Meine beiden Mädels (13 und 16) haben sich bereits letztes Jahr dafür ausgesprochen, nicht mehr bei ihrer Mutter sondern bei meiner Lebensgefährtin und mir wohnen zu wollen.
Der Umzug der Kleinen hat dann Ende Januar stattgefunden, die Große befindet sich bis Ende Juni auf einem Auslandsjahr und will danach auch sofort zu uns.

Ich befinde mich also in der für mich neuen Situation, vom Unterhaltszahler zum Unterhaltsempfänger zu mutieren.

Die Situation wird durch diverse Dinge verkompliziert:

1. Es gibt noch einen kleinen Halbbruder (knapp 5 Jahre) von einem anderen Vater. Die Kindesmutter erhält auch Unterhalt für ihn.
2. Die Ex ist mittlerweile in Vollzeit berufstätig. Da sie schon um 6.30 Uhr ihren Dienst antritt, wird der Kleine morgens zu einer Tagesmutter gebracht, die ihn bis zum Kindergartenbeginn betreut und auch zum Kindergarten bringt.
3. Durch den Umzug meiner jüngeren Tochter ist meine Ex-Frau gezwungen, sich eine neue Wohnung zu suchen, da sie in ihrem sozial geförderten Mietshaus mit nur noch zwei bzw. ab Juli einem Kind die Voraussetzungen nicht mehr erfüllt, dort wohnen bleiben zu können. Sie hat auch schon eine neue Wohnung gefunden.
3. Obwohl meine große Tochter die letzten 10 Monate dank des Auslandsaufenthalts faktisch gar nicht von meiner Ex betreut wird, habe ich den Unterhalt für sie weiter gezahlt.
4. Naturgemäß war meine Ex schon mit dem Umzug der Kleinen nicht einverstanden. Es gab mehrere Termine beim Jugendamt und einen Versuch ihrerseits, die Kleine per einstweiliger Verfügung wieder zu sich zurück zu holen. Das Amtsgericht hat dem aber nicht stattgegeben und das Jugendamt sieht ebenfalls keine Veranlassung für einen Wechsel zurück. Das hat sie sich natürlich anders vorgestellt, die Stimmung ist also zur Zeit nicht gerade die Beste.

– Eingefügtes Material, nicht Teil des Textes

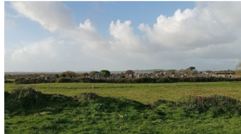
Plate 16.70: The Old Shanakyle Graveyard (AH26 and AH27), facing west

Nun versucht meine Ex mit allen Mitteln, den Unterhalt für die Kleine zu drücken. Ihre Methode besteht darin, die Kinderbetreuungskosten für den Halbbruder der Mädels künstlich hochzurechnen, um ihre beruflich bedingten Ausgaben zu erhöhen.

So gibt sie weiterhin die Tagesmutter in dem Ort an, in dem sie jetzt noch wohnt, obwohl sie ab Juli 10 km davon weg wohnt und sich dort eine neue Tagesmutter suchen könnte. Dadurch will sie ihre Fahrtkosten und die Fahrkosten der Tagesmutter pushen. Sie führt außerdem Kindergartenbeiträge an, die ab August nicht mehr anfallen, da das dritte Jahr in ihrer neuen Gemeinde kostenlos ist.

Aber ich will gar nicht zu sehr ins Detail gehen.

Konkrete Fragen:

1) Wenn sie umzieht, kann man dann von ihr erwarten, sich eine neue Tagesmutter vor Ort zu suchen? Ich habe kein Problem damit, dass sie die Kosten der Tagesmutter als beruflich bedingt angibt, wohl aber damit, dass diese künstlich hochgerechnet werden.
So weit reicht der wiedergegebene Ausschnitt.